About this exercise: From the line with "Selanjut manager kita" to the line with "Der Pro 2 kombiniert", output every line below exactly, both ends included. Skip the pictures.

Entries supplied:
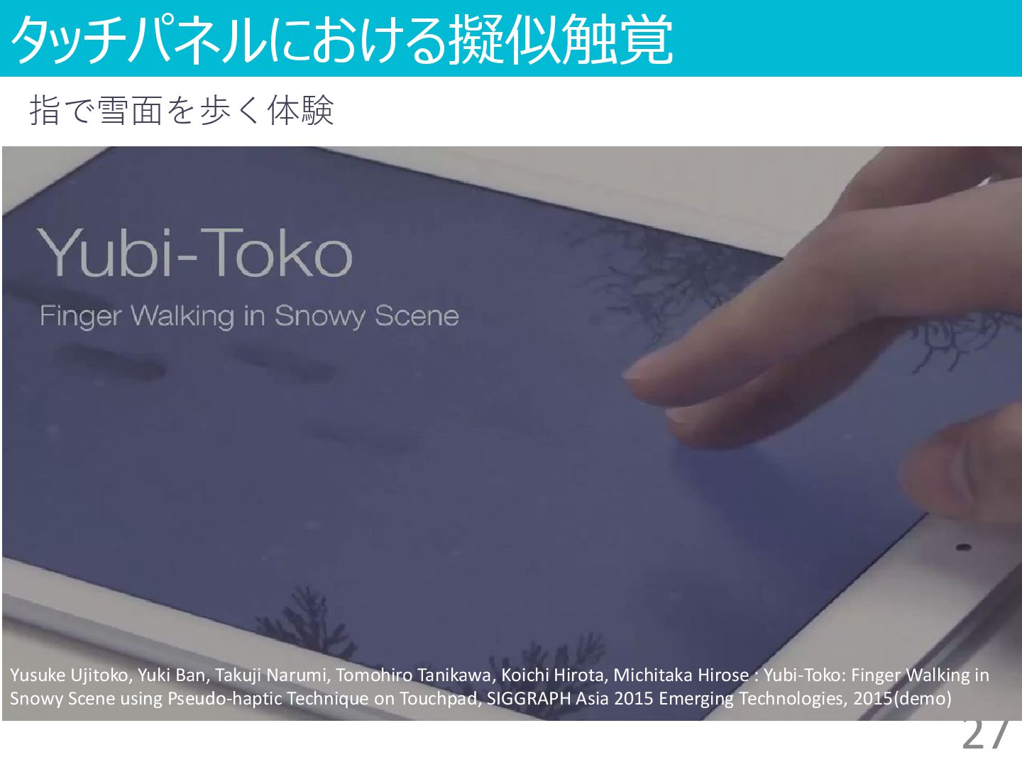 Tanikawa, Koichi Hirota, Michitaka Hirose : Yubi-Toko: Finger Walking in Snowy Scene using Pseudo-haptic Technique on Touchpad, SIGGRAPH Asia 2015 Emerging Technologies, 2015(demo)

* * *

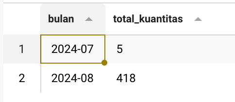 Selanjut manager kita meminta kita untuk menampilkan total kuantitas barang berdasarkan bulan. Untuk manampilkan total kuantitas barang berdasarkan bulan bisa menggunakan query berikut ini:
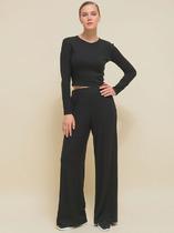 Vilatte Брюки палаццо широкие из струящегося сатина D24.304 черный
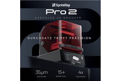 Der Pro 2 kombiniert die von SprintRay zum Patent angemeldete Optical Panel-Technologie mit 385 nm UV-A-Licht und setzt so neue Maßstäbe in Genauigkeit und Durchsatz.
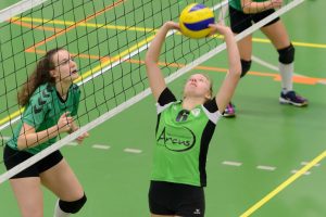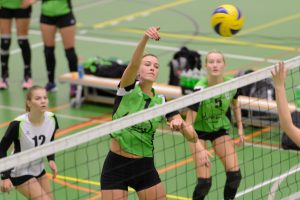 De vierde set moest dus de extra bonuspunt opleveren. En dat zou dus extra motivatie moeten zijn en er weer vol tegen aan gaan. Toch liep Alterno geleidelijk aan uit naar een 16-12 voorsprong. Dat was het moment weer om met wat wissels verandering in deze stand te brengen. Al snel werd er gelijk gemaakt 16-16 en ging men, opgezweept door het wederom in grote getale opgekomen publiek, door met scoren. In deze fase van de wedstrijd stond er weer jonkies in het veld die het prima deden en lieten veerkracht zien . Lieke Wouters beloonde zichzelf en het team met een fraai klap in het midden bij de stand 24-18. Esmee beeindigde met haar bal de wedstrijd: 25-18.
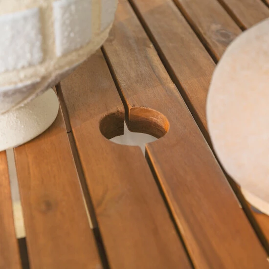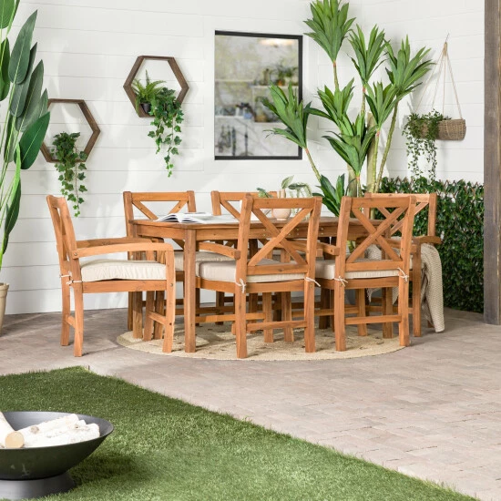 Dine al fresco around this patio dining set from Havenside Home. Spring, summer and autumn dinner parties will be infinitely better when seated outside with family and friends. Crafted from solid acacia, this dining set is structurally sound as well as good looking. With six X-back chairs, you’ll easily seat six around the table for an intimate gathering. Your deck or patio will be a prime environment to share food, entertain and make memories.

Output for this exercise:
 Selanjut manager kita meminta kita untuk menampilkan total kuantitas barang berdasarkan bulan. Untuk manampilkan total kuantitas barang berdasarkan bulan bisa menggunakan query berikut ini:
 Vilatte Брюки палаццо широкие из струящегося сатина D24.304 черный
 Der Pro 2 kombiniert die von SprintRay zum Patent angemeldete Optical Panel-Technologie mit 385 nm UV-A-Licht und setzt so neue Maßstäbe in Genauigkeit und Durchsatz.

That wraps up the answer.